The research sample includes 13 equity ETFs and two fixed income funds, all of which are passively managed. Among the equity funds, seven have exposure to the Polish equity market, tracking the performance of WSE indices, and six have international exposure, tracking major U.S. and German stock indices—S&P 500, Nasdaq-100, and DAX. The two fixed-income funds replicate the performance of Polish Treasury bond indices (TBSP and GPWB-BWZ). All ETFs in the sample were classified into four peer groups (sub-samples) based on two criteria: investment exposure and the use of leverage: Polish equity funds—non-leveraged (PE-NL ETFs) (6 ETFs), foreign equity funds—non-leveraged (FE-NL ETFs) (4 ETFs), equity funds—leveraged (E-L ETFs) (3 ETFs), and fixed-income funds—Polish government bonds (FI-PGB ETFs) (2 ETFs).

Most of the funds (12) are domestic ETFs (operating in the legal form of closed-end funds) registered in Poland, with the WSE as their primary listing venue, and AgioFunds TFI as their manager. Three ETFs are sub-funds of the foreign open-end investment funds compliant with UCITS Directive. Two of them, still operating, are currently managed by Amundi Asset Management and cross-listed on various European trading platforms, while one—already liquidated—was formerly managed by Lyxor International Asset Management.

4.
Methodology

In our study, we apply the standard methodology, calculating the ETF unit price premium or discount as the percentage deviation between the closing market price and NAV: P/Di,t=Pi,tNAVi,tNAVi,t×100% P/{D_{i,t}} = {{{P_{i,t}} - {NAV_{i,t}}} \over {{NAV_{i,t}}}} \times 100\% where: P/Di,t—value of premium/discount of i ETF in the period t, Pi,t—market price (end-of-the-day) of i ETF in the period t, NAVi,t—net asset value per unit of i ETF in the period t.

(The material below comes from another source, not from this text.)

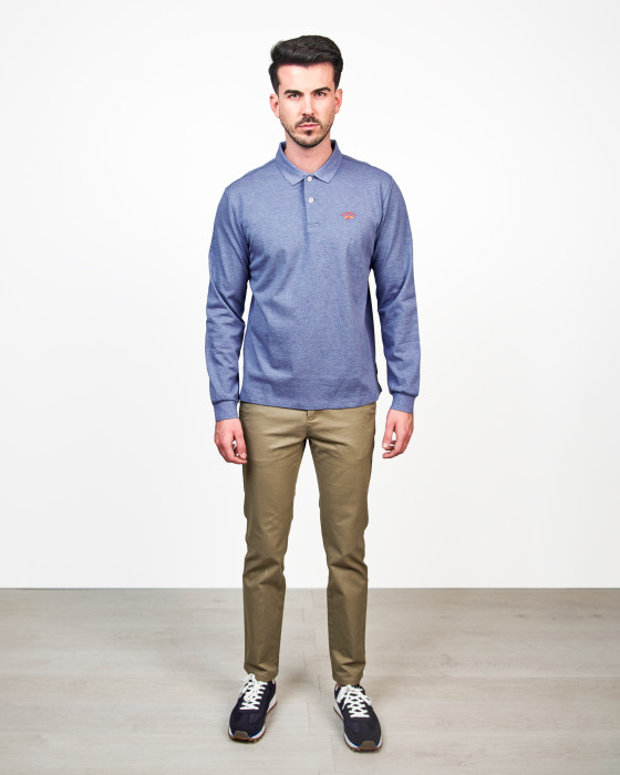 "Descubre nuestro polo básico melange, la prenda esencial para tu armario. Confeccionado en 100% algodón piqué de alta calidad, este polo de manga larga ofrece confort y estilo para cualquier ocasión. Su diseño atemporal y el detalle del logo bordado añaden un toque distintivo. Disponible en varias tallas. ¡Hazte con el tuyo!"

When this deviation is positive, this means that the ETF unit is valued at a premium, and when it is negative, it is priced at a discount. Pricing efficiency requires that an ETF’s closing market price equals its NAV on average. Any systematic deviation of the market price from the NAV—whether positive or negative—indicates pricing inefficiency. In order to assess whether a given ETF is priced efficiently, the analysis considered not only the nominal value but also the magnitude of absolute mispricing (following Lin, Chan & Hsu (2006).

After calculating the absolute value of premiums/discounts for each ETF in the sample (based on daily, weekly, and monthly data), these values were averaged (equal-weighted) across funds within each peer-group to obtain the average deviation of market price from NAV and the average volatility of these deviations for each category. Then, monthly average premiums/discounts were calculated for the entire study period in order to document their time-series evolution to see whether the pricing efficiency of ETFs has changed over time.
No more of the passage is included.